Судить буду я - Мир-Хайдаров Рауль Мирсаидович - Страница 70
- Предыдущая
- 70/81
- Следующая
– Мне важно знать его самочувствие, настроение, ближайшие планы. Многие наши сотрудники, и он в том числе, разъезжаются на обед кто куда. Сейчас в Ташкенте много мест, где можно приятно покушать. Он часто ездит на Чорсу, к уйгурам на лагман, напросись с ним в компанию.
– Хорошо, Хуршид Азизович, спасибо за идею, мне действительно давно лагмана отведать хочется, – пошутила Шилова и положила трубку. Смутная тревога за Газанфара все-таки не убывала, и он пожалел, что нельзя сейчас, сию минуту, выписать ордер на его арест, только тогда он мог быть спокоен за жизнь Рустамова.

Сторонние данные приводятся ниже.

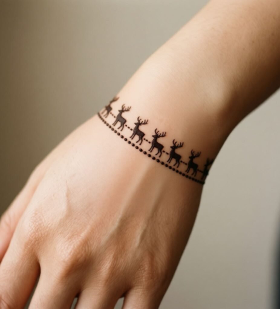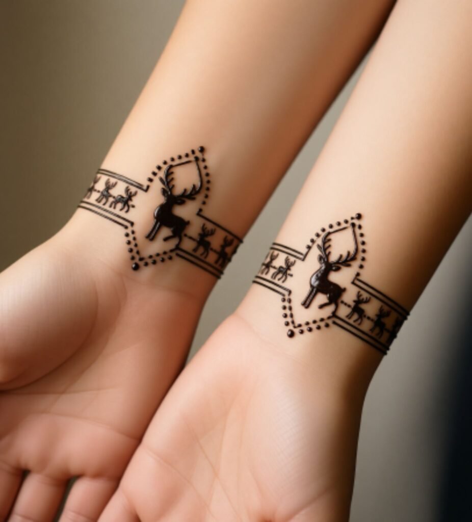 Christmas Mehndi Designs Festive Henna Playful meets sophisticated in these stunning bracelet style bands featuring Christmas’s most beloved characters. Reindeer leap across your wrists in elegant henna jewelry.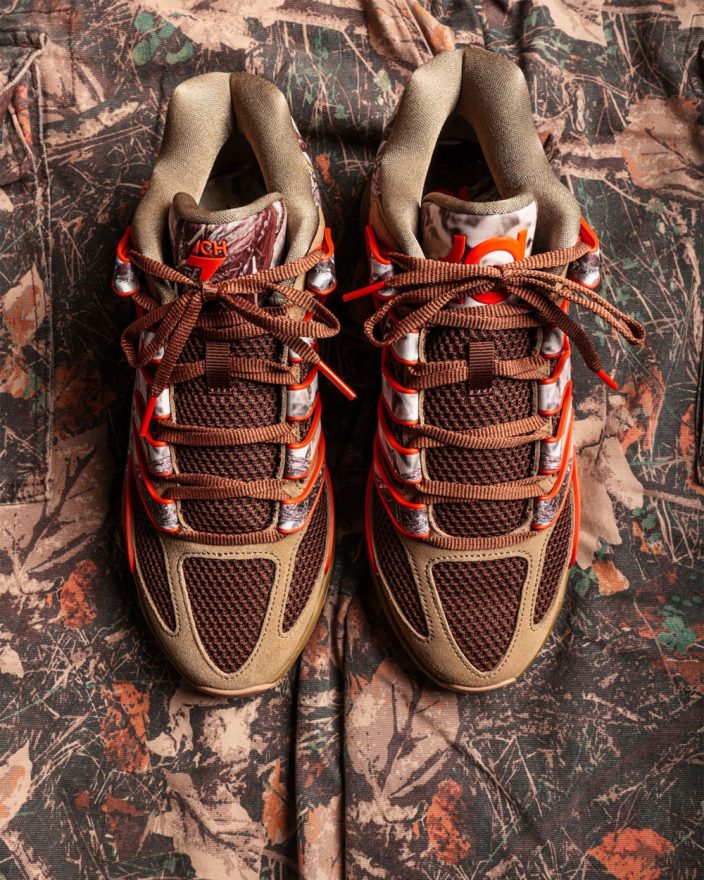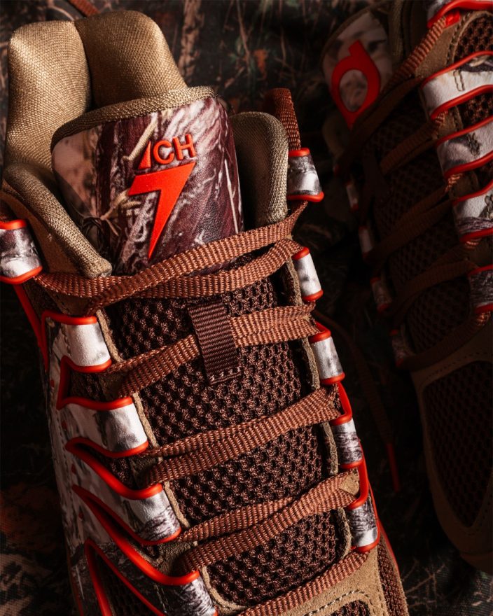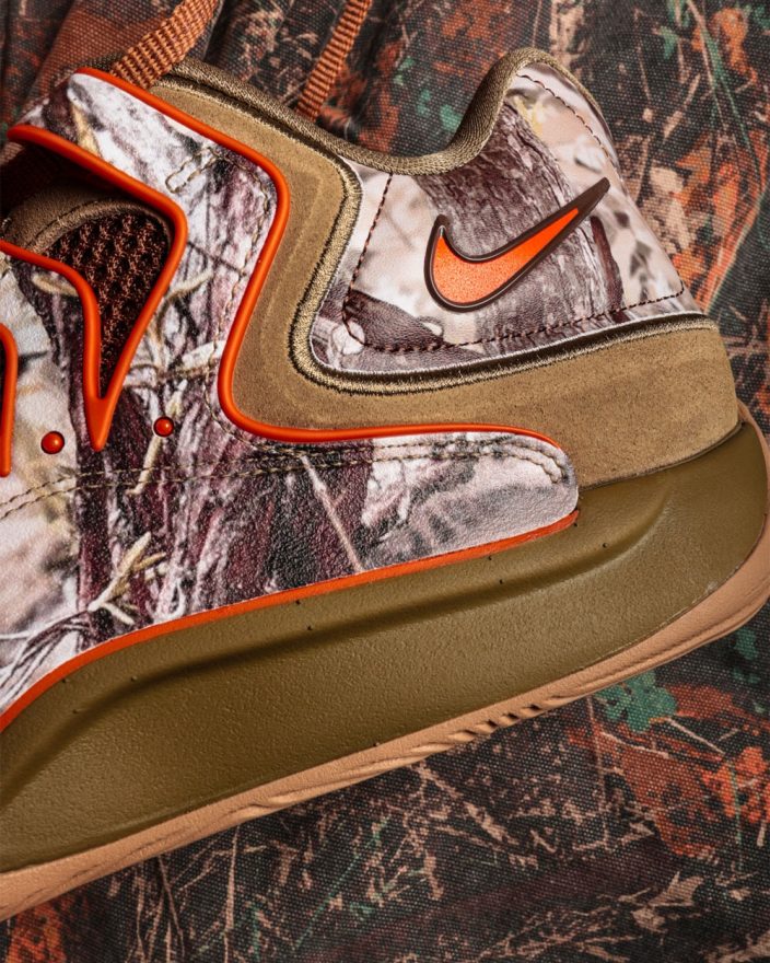 我們從攝影師 Riccardo Mestre 拍攝的照片看到清楚的鞋款外觀及細節,Chet Holmgren 專屬的 Nike KD18 ‘Camo’ PE 在右鞋舌放上個人Logo,鞋面以深淺不同的棕色為主要基底,再搭配亮橘色點綴,最醒目是鞋身還融入了大面積的森林迷彩,營造出粗獷的戶外氛圍。編輯個人覺得是越看越耐看,是實戰籃球鞋身上少見的設計。

Обедал прокурор в Белом доме, куда его неожиданно вызвали в связи с разрабатывавшимся проектом по борьбе с преступностью и где он встретился с парламентариями, юристами, участвующими в создании новых законов. Когда он появился в прокуратуре, помощник предупредил, что звонил генерал Саматов, и Камалов набрал номер шефа службы безопасности республики.
– Я ознакомился с присланными бумагами, – сказал генерал, – они действительно требуют безотлагательных действий, и если располагаете временем, приезжайте сейчас же, обговорим наедине. На шестнадцать часов я пригласил двух толковых экспертов и одного правоведа-международника, вам наверняка понадобятся их консультации.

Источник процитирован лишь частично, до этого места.